• **Your task**:
Copy the lines below exactly, starting at the one with "Ética E Legalidade" and ending at the one with "Belediye Encümeninin 15.03.2023", and leave out any picture.

BEGIN Task material

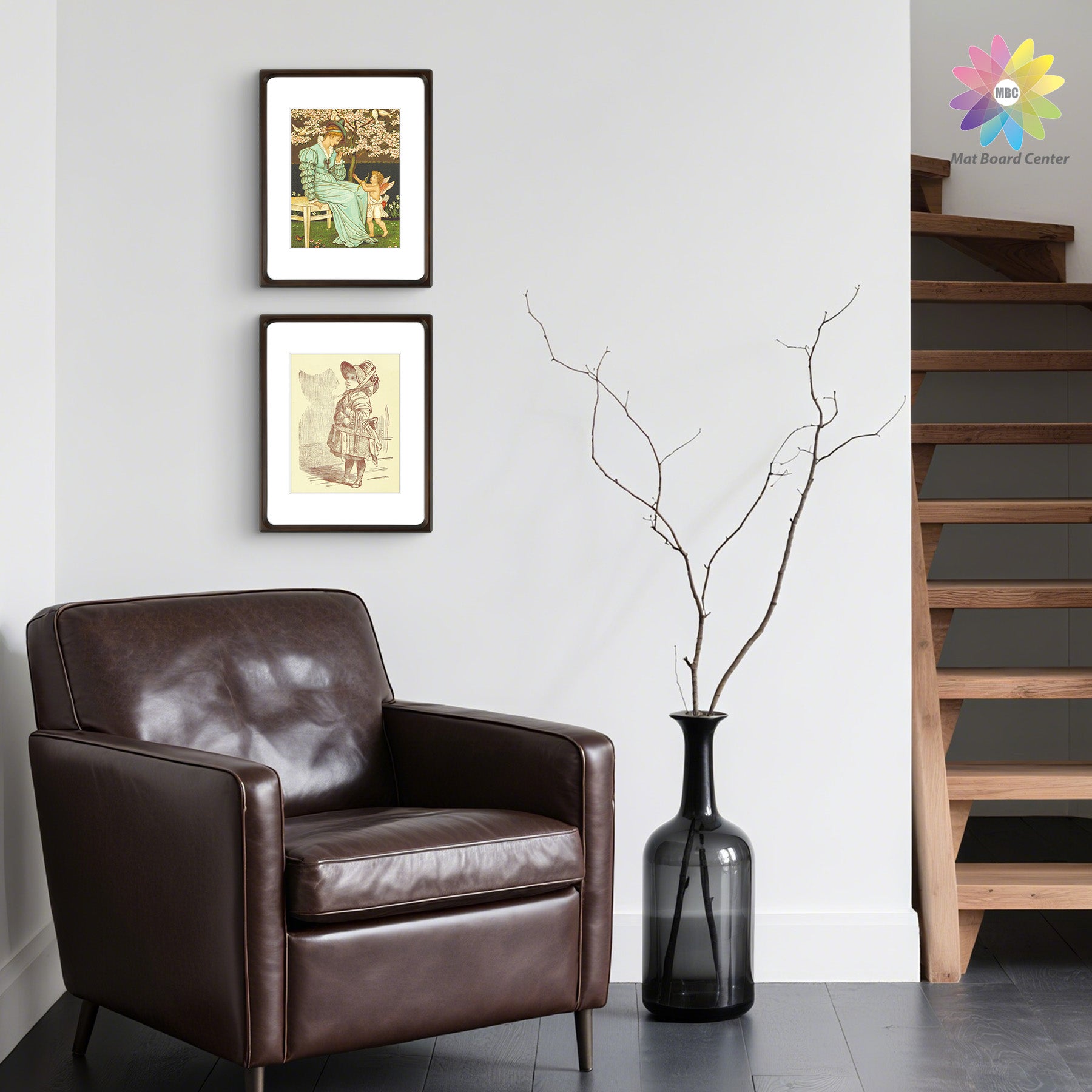 Rounded Corner 11x14 Wood Frame For 8x10 Photos With White Mat and Real Glass Brown (6 Pcs per Box)
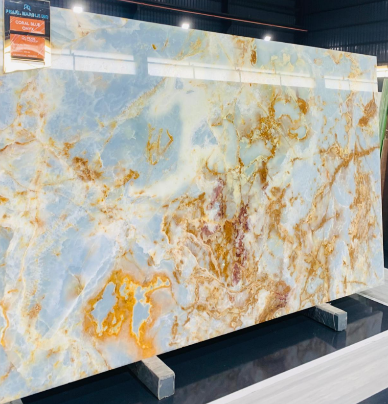 Blue Onyx Marble is a rare, translucent natural stone known for its deep blue hues and intricate veining, prized for its luxurious, elegant appearance and suitability for high-end interior design projects.
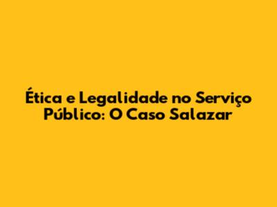 Ética E Legalidade No Serviço Público: O Caso Salazar
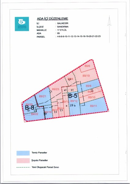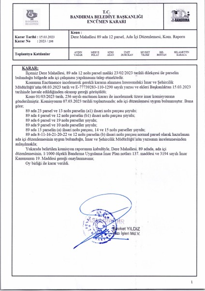 Belediye Encümeninin 15.03.2023 tarih ve 298 sayılı Encümen kararı ile Dere Mahallesi 89 ada 4-6-8-9-10-11-12-13-14-15-16-19-20-21-22-23 nolu parsellere ait ada içi düzenlemesinin, 1/1000 ölçekli Bandırma Uygulama İmar Planı notlarının 137. Maddesi ve 3194 sayılı İmar Kanununun 19. maddesi gereği onaylanmasına,
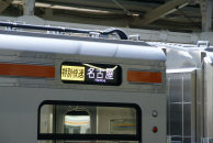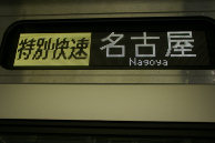 近づいて見たLED表示器。“名古屋”は約25×25ドット,“特別快速”は約20×20ドットで見やすいが,“Nagoya”は大文字が縦7×横5,小文字が5×4ドットしかなくて,見やすいとはいえない。
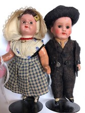 4.5” Antique German A&M 16/0 & Painted Bisque German Dressed Doll Couple SF2

END Task material

• **Answer**:
 Ética E Legalidade No Serviço Público: O Caso Salazar
 Belediye Encümeninin 15.03.2023 tarih ve 298 sayılı Encümen kararı ile Dere Mahallesi 89 ada 4-6-8-9-10-11-12-13-14-15-16-19-20-21-22-23 nolu parsellere ait ada içi düzenlemesinin, 1/1000 ölçekli Bandırma Uygulama İmar Planı notlarının 137. Maddesi ve 3194 sayılı İmar Kanununun 19. maddesi gereği onaylanmasına,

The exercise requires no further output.